→ **DATA FOR ANALYSIS**
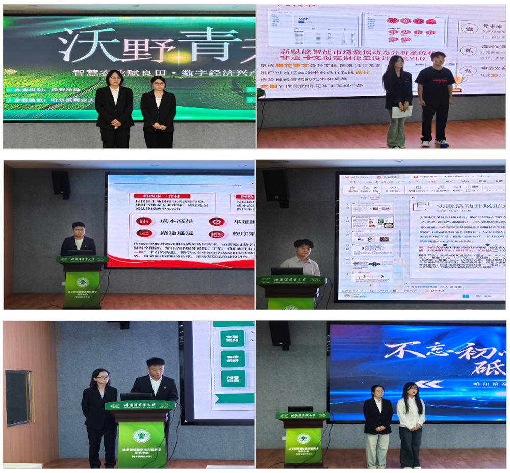 2025年新文科实践创新大赛校赛选拔赛分为网评和现场赛两个阶段。为保障赛事公平性与专业性,学校网评阶段特邀东北林业大学、东北农业大学等9名校外高校专家、行业实务人士组成评审团,围绕“创新性、实践性、学科融合度、社会价值”四大核心维度,对参赛项目进行分组匿名评审。经层层筛选,最终22支兼具思想性与落地性的优秀团队晋级现场赛环节。现场赛环节,学校特邀东北林业大学郝立丽、牡丹江师范学院韩驰、哈尔滨地山谦科技有限公司田春组成专家评委组,确保评审视角的多元性与专业性。比赛现场氛围热烈有序,22支团队依次通过“PPT演示+案例分析+成果展示”的形式,围绕乡村振兴、文化传承、数字治理等现实议题,从项目创新点、实践应用成效、未来发展规划等方面展开汇报,集中展现了我校学子在新文科领域的探索成果与实践能力。评委组针对每个项目逐一开展深度互动,既肯定了项目在跨学科融合、解决实际问题上的亮点,也从学术深度、成果转化路径、数据支撑完整性等方面精准指出不足,并提供可落地的改进方案,为参赛团队后续优化项目提供了宝贵指导。
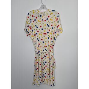 Fun and playful ModCloth fit & flare dress in size XL. Features a cheerful cherry print in red, yellow, and blue with green leaves on a white background. Short sleeves, gathered neckline, and waist tie for a flattering fit. Retro-inspired and perfect for casual outings, picnics, or summer parties. Excellent choice for fans of quirky, vintage-style fashion.
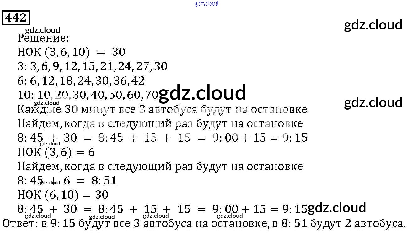 Ответ на задание 442 Учебник Математика за 5 (пятый) класс Дорофеев, Шарыгин, Суворова, Бунимович, Кузнецова, Минаева, Рослова 2015
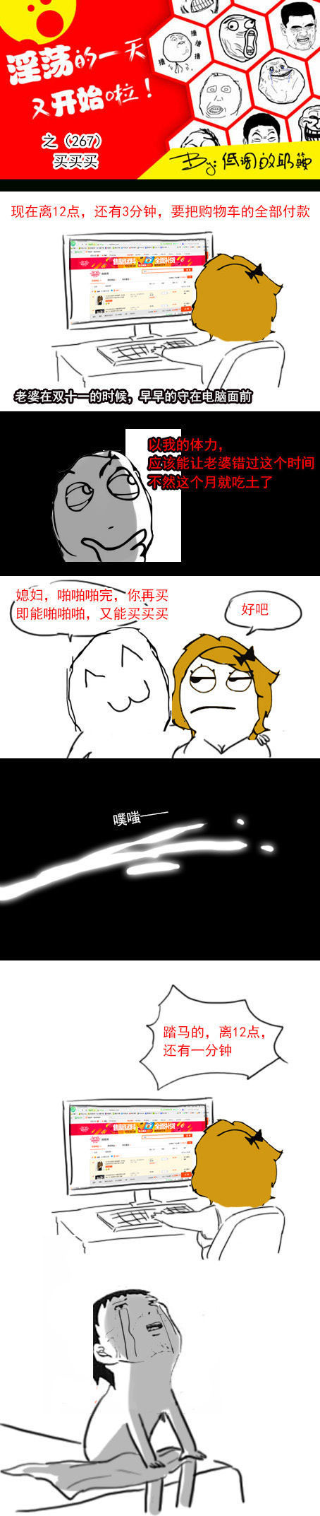 今天小编为大家带来的是一组淫荡的一天又开始啦之买买买暴走漫画。各位小伙伴们想知道在今天的这组暴走漫画中,都有哪些内涵搞笑事件发生吗?话不多说,想知道的小伙伴们就赶紧来和小编一起来看看这组,淫荡的一天又开始啦之买买买暴走漫画吧!
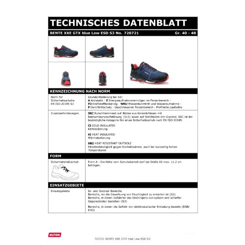 Eigenschaften "ELTEN Sicherheitshalbschuh BENTE XXE GTX blue Low ESD S3 720721-46"

→ **DIRECTIONS FOR THIS TASK**
The lines above should be transcribed exactly, with every image removed.

→ **SOLUTION FOR THIS TASK**
 2025年新文科实践创新大赛校赛选拔赛分为网评和现场赛两个阶段。为保障赛事公平性与专业性,学校网评阶段特邀东北林业大学、东北农业大学等9名校外高校专家、行业实务人士组成评审团,围绕“创新性、实践性、学科融合度、社会价值”四大核心维度,对参赛项目进行分组匿名评审。经层层筛选,最终22支兼具思想性与落地性的优秀团队晋级现场赛环节。现场赛环节,学校特邀东北林业大学郝立丽、牡丹江师范学院韩驰、哈尔滨地山谦科技有限公司田春组成专家评委组,确保评审视角的多元性与专业性。比赛现场氛围热烈有序,22支团队依次通过“PPT演示+案例分析+成果展示”的形式,围绕乡村振兴、文化传承、数字治理等现实议题,从项目创新点、实践应用成效、未来发展规划等方面展开汇报,集中展现了我校学子在新文科领域的探索成果与实践能力。评委组针对每个项目逐一开展深度互动,既肯定了项目在跨学科融合、解决实际问题上的亮点,也从学术深度、成果转化路径、数据支撑完整性等方面精准指出不足,并提供可落地的改进方案,为参赛团队后续优化项目提供了宝贵指导。
 Fun and playful ModCloth fit & flare dress in size XL. Features a cheerful cherry print in red, yellow, and blue with green leaves on a white background. Short sleeves, gathered neckline, and waist tie for a flattering fit. Retro-inspired and perfect for casual outings, picnics, or summer parties. Excellent choice for fans of quirky, vintage-style fashion.
 Ответ на задание 442 Учебник Математика за 5 (пятый) класс Дорофеев, Шарыгин, Суворова, Бунимович, Кузнецова, Минаева, Рослова 2015
 今天小编为大家带来的是一组淫荡的一天又开始啦之买买买暴走漫画。各位小伙伴们想知道在今天的这组暴走漫画中,都有哪些内涵搞笑事件发生吗?话不多说,想知道的小伙伴们就赶紧来和小编一起来看看这组,淫荡的一天又开始啦之买买买暴走漫画吧!
 Eigenschaften "ELTEN Sicherheitshalbschuh BENTE XXE GTX blue Low ESD S3 720721-46"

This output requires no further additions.